A cruiser, she was so low in the water aft that her quarterdeck was awash. Her mainmast had gone, and her after turret was buckled into so much scrap. She had received a torpedo which had all but broken her back, but she was fighting to get back. To get her people home…’
A destroyer was cruising watchfully to seaward, and two tugs followed close astern of the listing ship. Like undertakers men, Lindsay thought with sudden anger.
He snapped, ‘No, Number One! Have the hands fall in fore and aft! And tell the buffer I want the best salute he’s ever done!’ He saw Goss’s face working with confusion and doubt. Probably thinks I’m mad.
As seamen and marines ran to fall in on the B’enbecula’s decks, Lindsay walked to the end of the wing and raised his hand to his cap as the cruiser moved slowly past.

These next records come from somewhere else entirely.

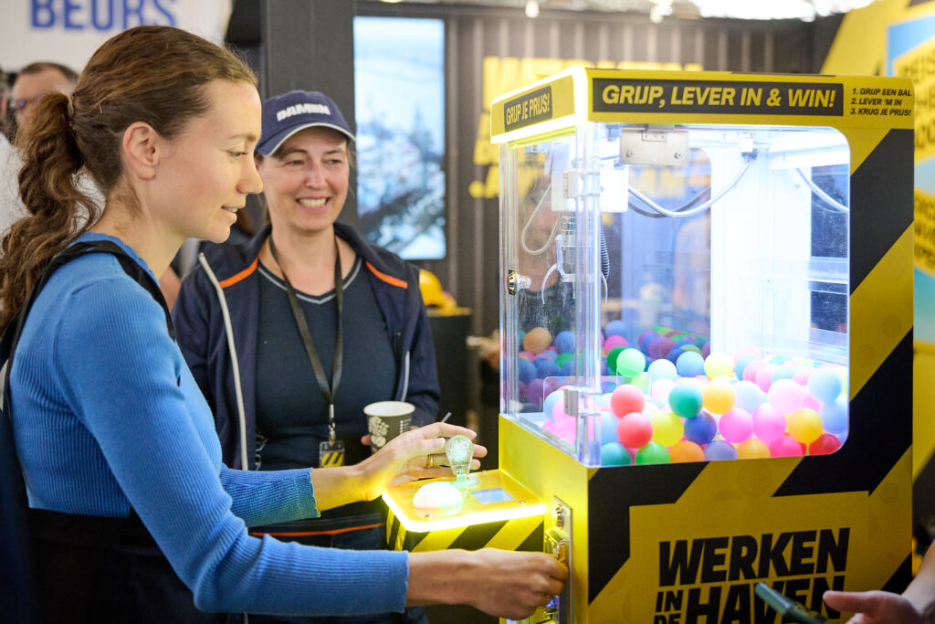 Zoals je van Werken in de haven Amsterdam gewend bent, vallen we weer heel erg op met onze geel-zwarte stand en de ‘Grijp je kans-automaat’. In aanloop naar, tijdens en na de beurs zijn we ruim aanwezig op social media. Op weg naar 1000+ leads voor de haven!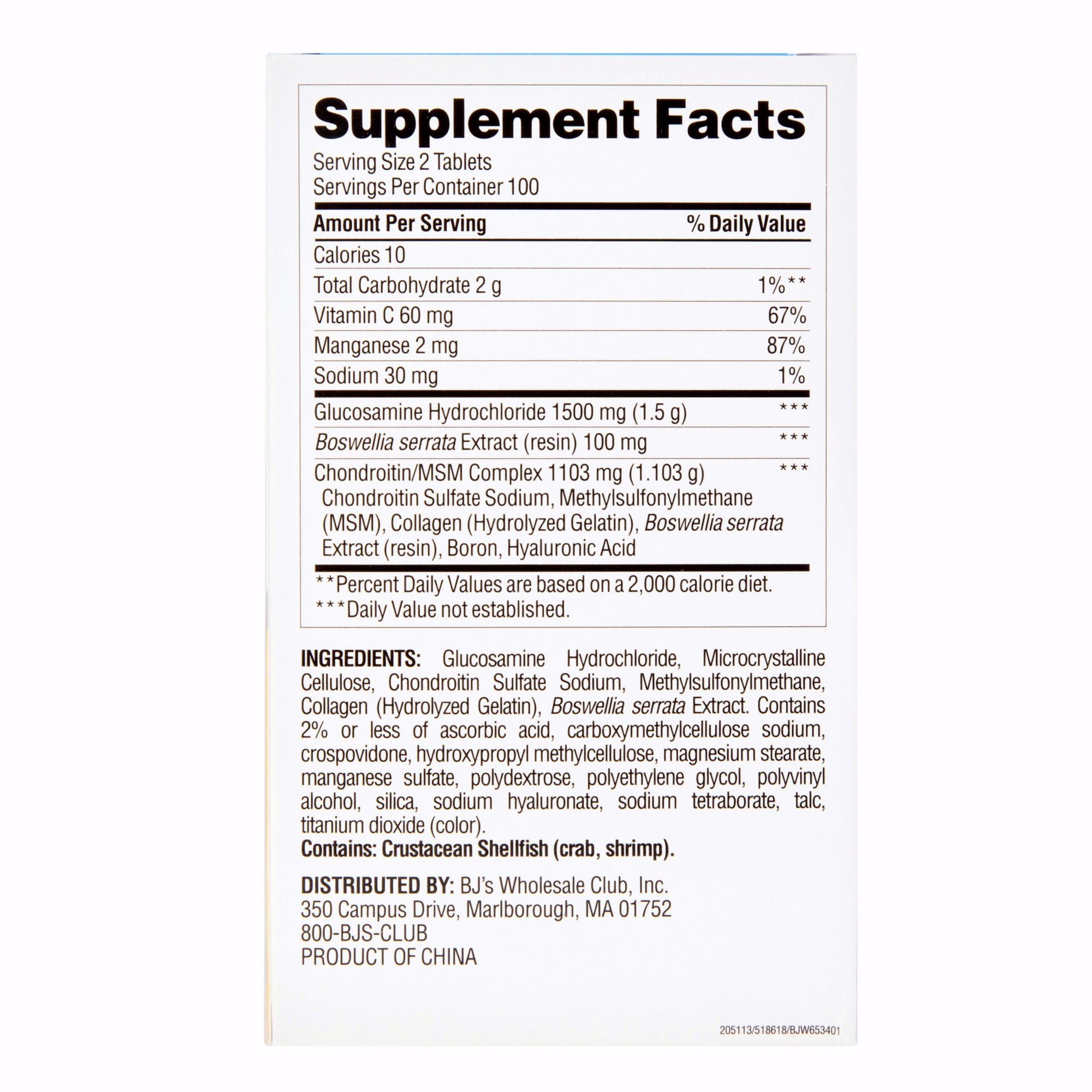 Includes glucosamine chondroitin supplement tablets, 200 ct.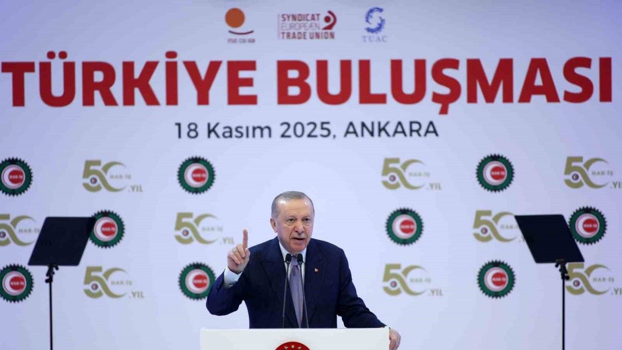 Türkiye’nin bugünlere gelmesine katkı sunanların en başında işçilerin, çalışanların, emekçilerin geldiğini belirten Cumhurbaşkanı Erdoğan, "Bugün şunu çok net bir şekilde görüyor ve gönül rahatlığıyla söylüyorum: Şimdiye kadar olduğu gibi, Türkiye Yüzyılında da şeref hakkı, el emeğiyle, göz nuruyla, alın teriyle helal rızkını kazanan siz emekçilerimizin olacaktır. Hükümet olarak bunun için canla, başla çalışmaya devam edeceğiz. Hangi sendika bünyesinde olursa olsun, ülkemiz ve milletimiz için çalışan tüm işçi kardeşlerimi bir kez daha saygıyla selamlıyor; Türkiye’ye yaptıkları eşsiz hizmetlerden ötürü her birine şükranlarımı ifade ediyorum. Burada şu gerçeğin altını çizmek istiyorum: Örgütlü emek ve hak mücadelesi için sendikalar elbette vazgeçilmezdir. Fakat, unutmayalım ki, sendikalarımızın varlığı işçi ile kaimdir, emekçi ile kaimdir. İşçi olduğu için, emekçi örgütlendiği için sendikalar vardır. Sadece sendikaların değil, son tahlilde işverenin varlığı da, o işi yapacak insan unsuruyla kaimdir. Biz bunları birbirine hasım gören, birbirinin adeta kanlı-bıçaklısı gören kökü dışarıda ideolojik yaklaşımları reddediyoruz. İşçiyle işvereni düşmanlaştıran anlayışın, şöyle bir geriye baktığımızda, emek mücadelesine katkıdan ziyade zarar verdiğini görüyoruz. Şurası bir gerçek ki; alın teri ve emek, hiçbir ideolojiye, hiçbir hizbe, hiçbir klik ve gruba ipotek edilemeyecek kadar kutsaldır, yücedir, hürmete layıktır" açıklamasını yaptı.

The pipes shrilled and died in salute, and then Lindsay saw a solitary marine, his head white with bandages, walk to the cruiser’s signal platform and raise a bugle to his lips. The Still floated across the strip of tossing grey water, and above the neat lines of sewn up bodies on the cruiser’s deck. Along the Benbecula’s side the lines of new, untried faces stared at the other ship in silence, until the bugle sounded again and Archer yelled, ‘Carry on!’
Stannard said quietly, ‘That was quite a scene, sir.

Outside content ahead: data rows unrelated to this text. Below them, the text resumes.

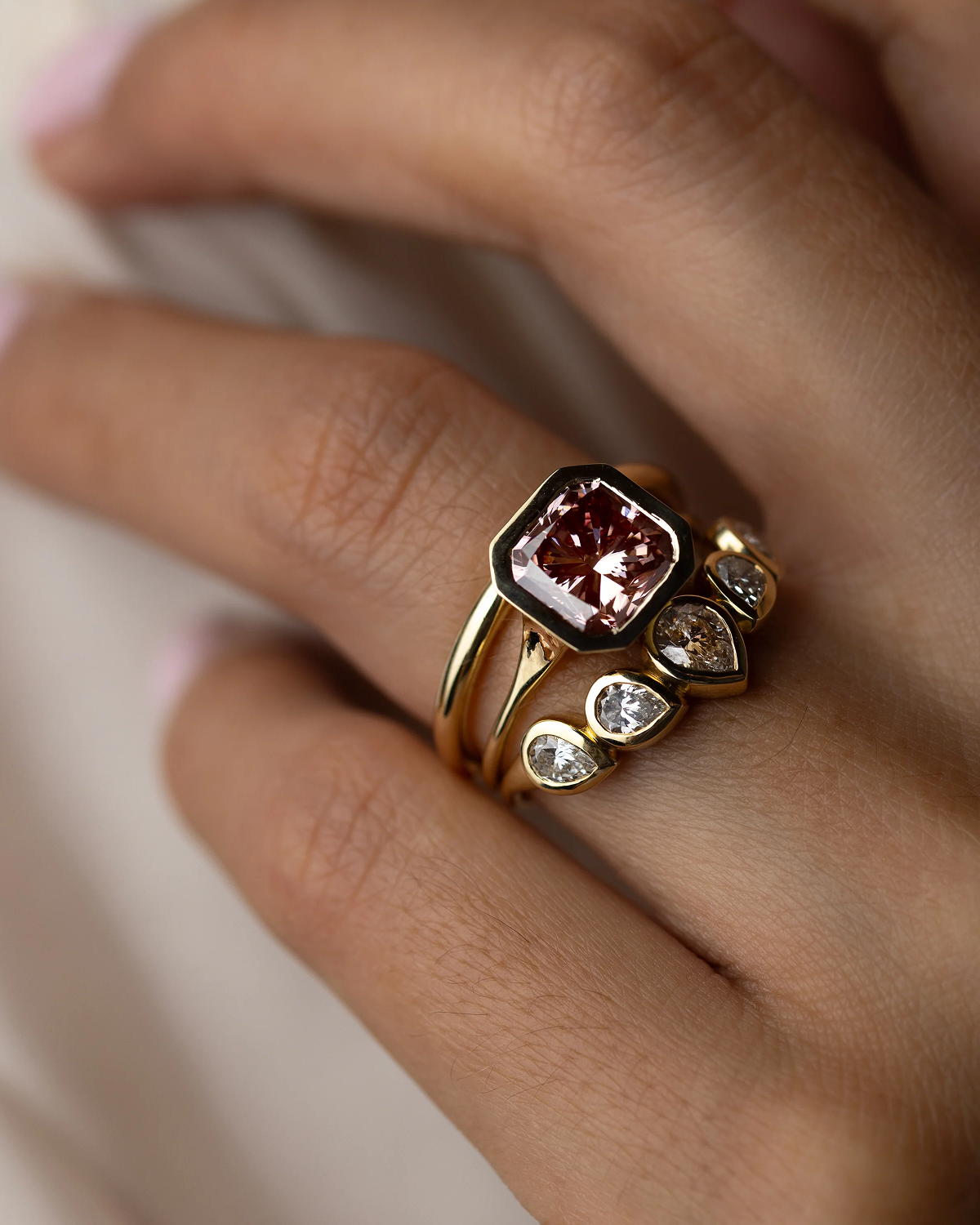 Subtle, sophisticated, and effortlessly chic, champagne diamonds are defined by their warm, earthy undertones. Their color ranges from pale honey to rich cognac, making them especially flattering against yellow gold. Champagne diamonds offer a quieter alternative to brighter stones, yet still offer something completely unique.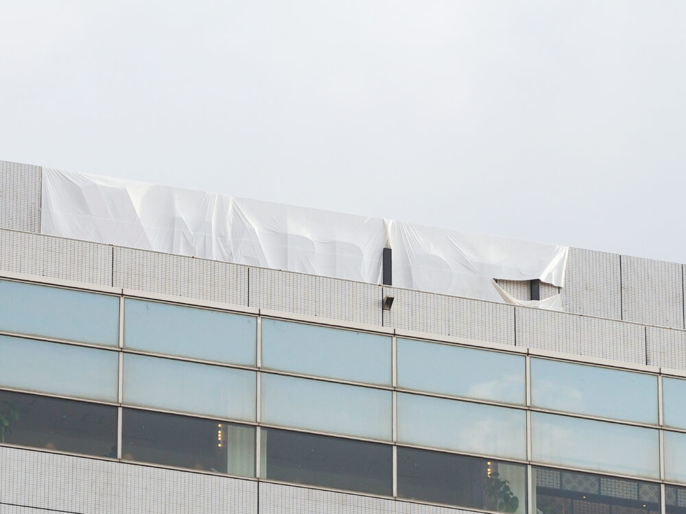 神戸駅の南口から見えていた外観の最上部についていたホテル名に、白い布がかけられています。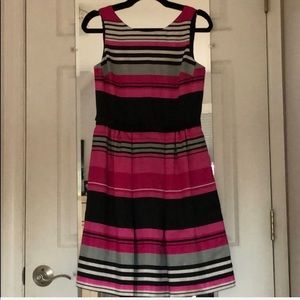 Beautiful pink, black, grey and white striped cocktail dress. Worn once (to a wedding).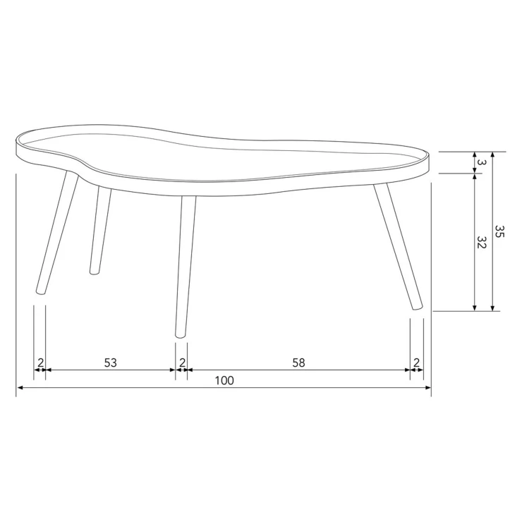 - Detta smala sidobord har en höjd på 35 cm och är cirka 100 cm brett och 58 cm djupt. Bordsskivan har en upphöjd kant som är 2 cm hög. Benen har en höjd på 32 cm och löper från toppen ø 3 cm avsmalnande till ø 1,5 cm. Själva bordet väger 5 kg och har en maximal bärvikt på 5 kg.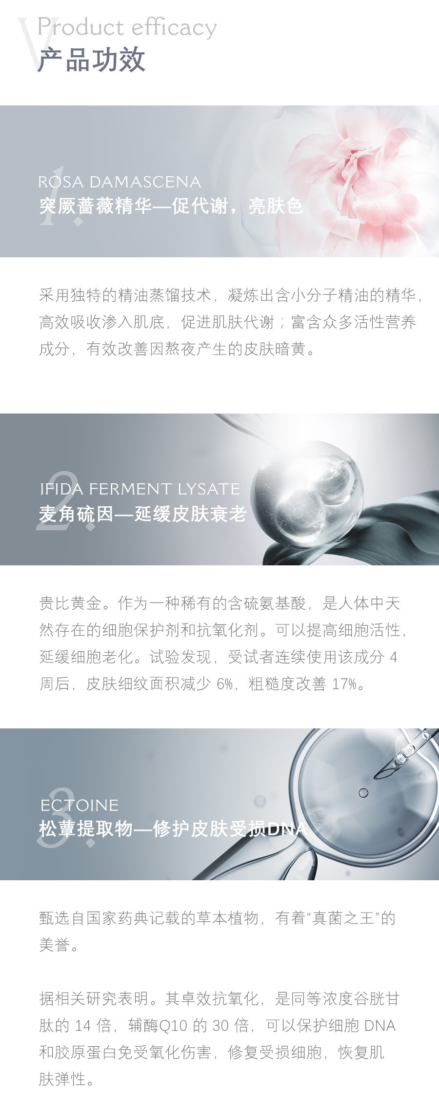 甄选大马士革突厥蔷薇花纯露与麦角硫因精华,配合微生物发酵纤维提拉膜布。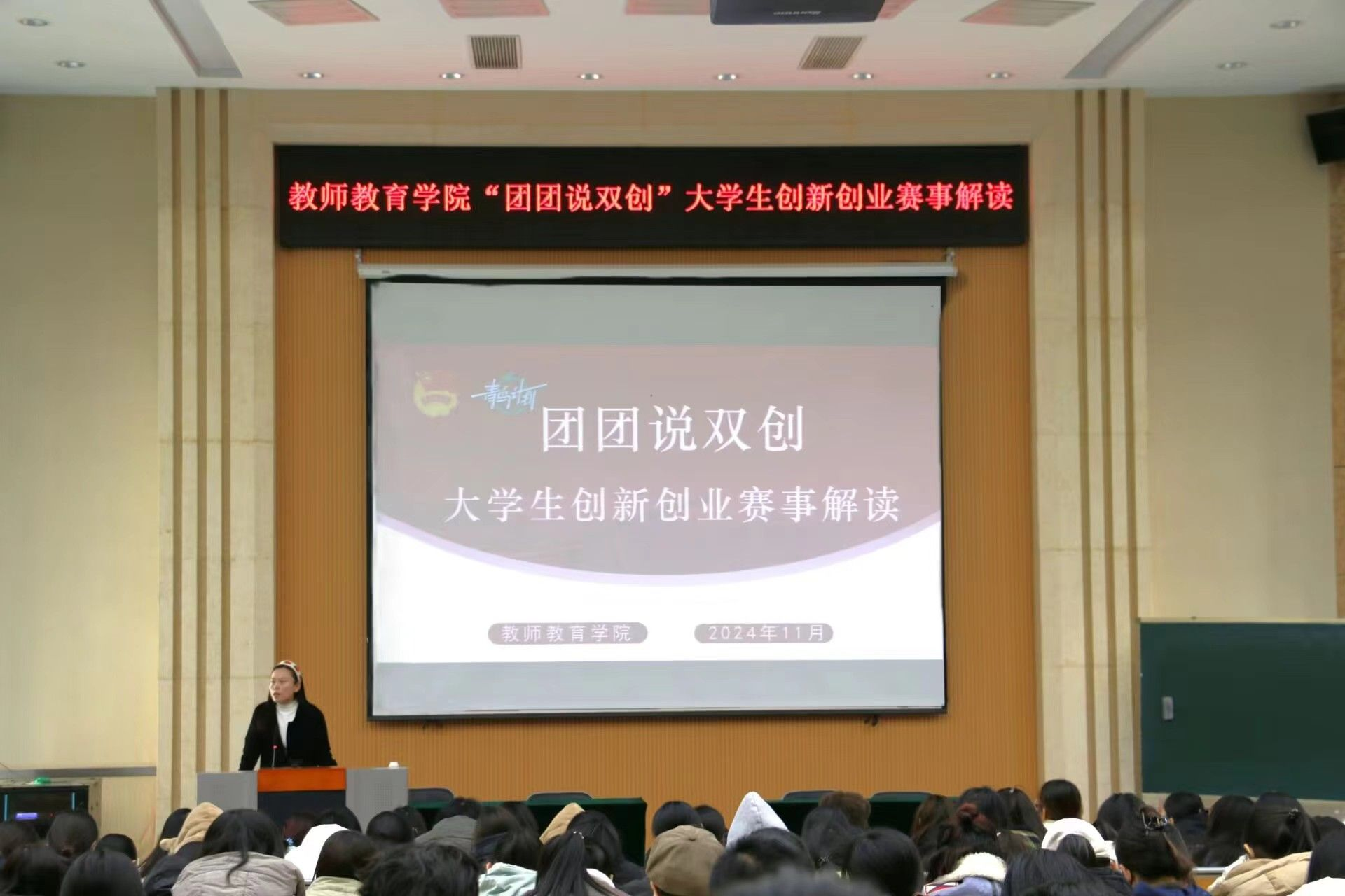 为进一步激发学生参加创新创业赛事的积极性,切实提升双创育人实效,11月28日下午,365英国上市(集团)公司在8号楼报告厅举办“团团说双创”宣讲会。本次活动由该院团委书记徐艳艳主讲,2024级全体学生参加。

Lindsay looked past him at the young signalman who had seen the car’s lights. He was biting the fingers of his gloves and staring astern at the listing cruiser.
‘It will do them good!’
He had not meant to speak so harshly, nor were they the words he had intended. So nothing had changed after all. Not the bitterness or the shock of seeing what the Atlantic could do.
Stannard said, ‘Time to alter course again, sir.’
Lindsay looked at him, seeing the hurt in his eyes. ‘Very well, take the con.’ To Goss, ‘Fall out harbour stations, if you please. We will exercise action stations in ten minutes, right?’
Goss nodded. ‘Yes, sir.’
The Benbecula’s straight stem lifted and then ploughed sedately into a low bank of broken rollers. Spray dappled the bridge windows and made the anchor cables look like black glass.
Later, as she came around the south-western approaches to the Orkneys, past the frozen shape of the Old Man of Hoy, she rolled more steeply, her forward well deck catching the incoming sea and letting it sweep lazily to the opposite side before gurgling away through the scuppers.
Then at last she turned her stern towards the land and headed west-northwest, and by noon, as the watch below prepared to eat their meal and the other half of the ship’s company closed up at defence stations, she had the sea to herself.
Lindsay remained on the open wing, his unlit pipe in his teeth, his eyes fixed on the tossing wilderness of waves and blown spume.
He was in the North Atlantic. He had come back.
‘Char, sir?’
Lindsay turned in his tall chair and took a cup from the bosun’s mate of the watch. As he held the hot metal against his lips he stared through the streaming windows and watched the solid arrowhead of the bows etched against the oncoming seas.
For eight days since leaving the buoy the scene had hardly changed. The weather had, got colder, but that was to be expected as hour after hour the ship had ploughed her way to the north-west. And apart from some armed trawlers and a solitary corvette, they had sighted nothing. Just the sea, with its endless panorama of wavecrests and steep rollers.
He felt the deck vibrate as the stem smashed through one more bank of cascading water, and saw the feathers of spray spurting up through the hawsepipes as if from powerful hoses.
Stannard walked across the bridge, his lean bodyangled to the uneven motion.